0

I'm maintaining some git pre-commit hooks, and I keep wanting to do something for all files that are or should be under revision control. Knowing the project structure lets me do a decent job of this, but all the info about build system output directories, test log files, and editor droppings is already in .gitignore.

Is there a simple way to filter file paths based on whether they match a pattern in .gitignore.

Iow, what can I substitute for WHAT GOES HERE in

find "$(git rev-parse --show-toplevel)" --my --filters | WHAT GOES HERE

so that I get all and only un-gitignored files that match my filters.

I think I can get a negative filter that I might tee into comm by doing

... | xargs git ls-files -X .gitignore -i

but I was hoping for a single step.

Mike Samuel
  • 118,113
  • 30
  • 216
  • 245
  • Possible duplicate of [Git command to show which specific files are ignored by .gitignore](https://stackoverflow.com/questions/466764/git-command-to-show-which-specific-files-are-ignored-by-gitignore) – phd Jun 18 '18 at 14:37

1 Answers1

3

UPDATE - As noted in an exchange of comments on this answer, the check-ignore command says that it lists ignored files, but in the event your ignore rules include exceptions (patterns that start with !), files matching those patterns are printed as well even though the file is not ignored. While some of the docs can be read as describing this behavior, other parts of the same docs strongly imply that it's not what's intended - so I regard it as a bug, but regardless of such interpretations, it's how the software works.

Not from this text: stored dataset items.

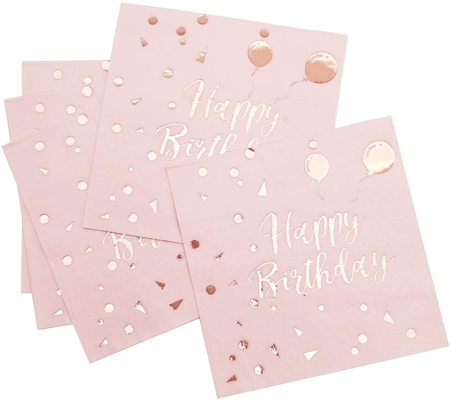 - Pink Disposable Napkins: 50pcs pink napkins with rose gold happy birthday design, a sufficient quantity to meet your daily needs and party needs.
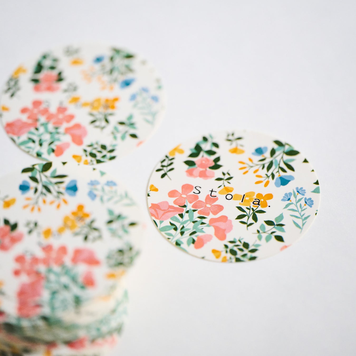 またStola.ショップ・オンラインでは、スカーフとポーチのフラワープリントを用いたステッカーをプレゼントするキャンペーンも開催。コラボレーションアイテム1点以上、もしくは¥22,000以上の購入で1枚ステッカーをプレゼントする。
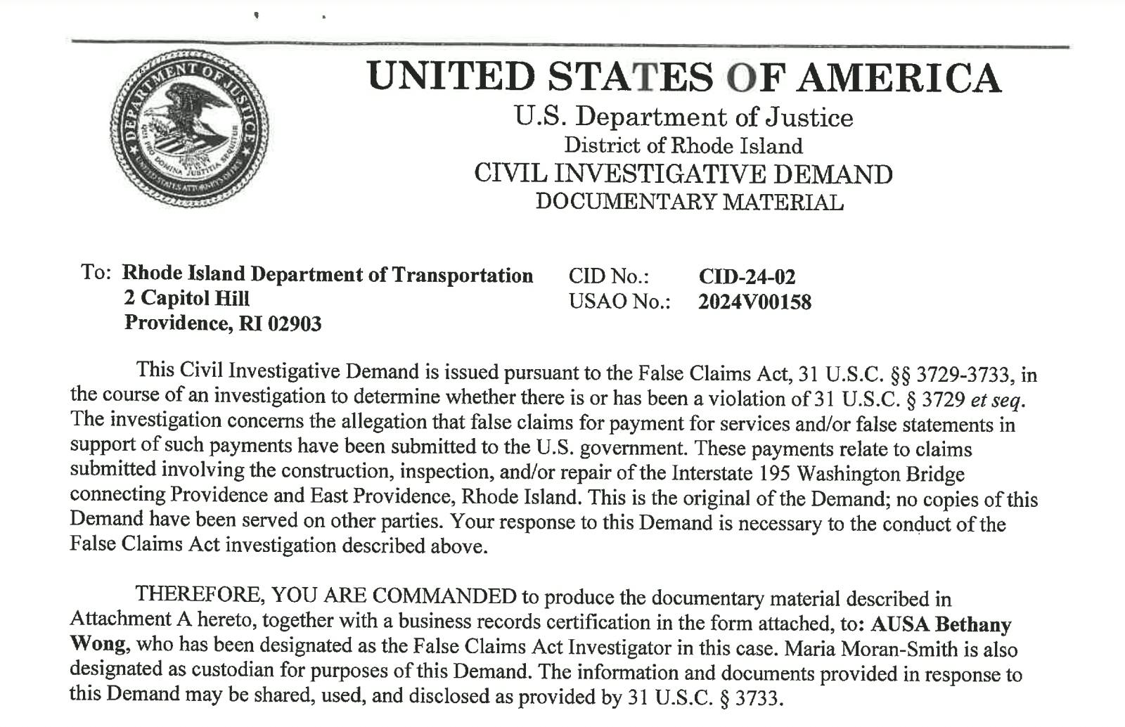 On Monday night, GoLocal reported that an engineer for a bid on the Westbound Washington Bridge project in 2020 warned the Rhode Island Department of Transportation about a potential design flaw relating to the failure of pin joints in the project.

So... If you don't use ! patterns, the below works as advertised. If you do use ! patterns, then you could work around this by using --verbose output and post-processing to see if a matching pattern is an inclusion or an exclusion.


Getting the exact behavior you want with ls-files may not be as easy as it seems. To start, you probably don't mean -i since that would only list ignored files...

But anyhow, a different (more "one-step") approach would be:

In your find command, you can use an -exec action to call git check-ignore for each file matching your other filters.

find "$(git rev-parse --show-toplevel)" <filters> -not -exec git check-ignore -q {} \; <actions>

This will properly interpret the ignore rules from all sources.

By default that also means that if a file is in the index, it does not show up as "excluded" even if it's in .gitignore, which reflects how ignore rules really behave.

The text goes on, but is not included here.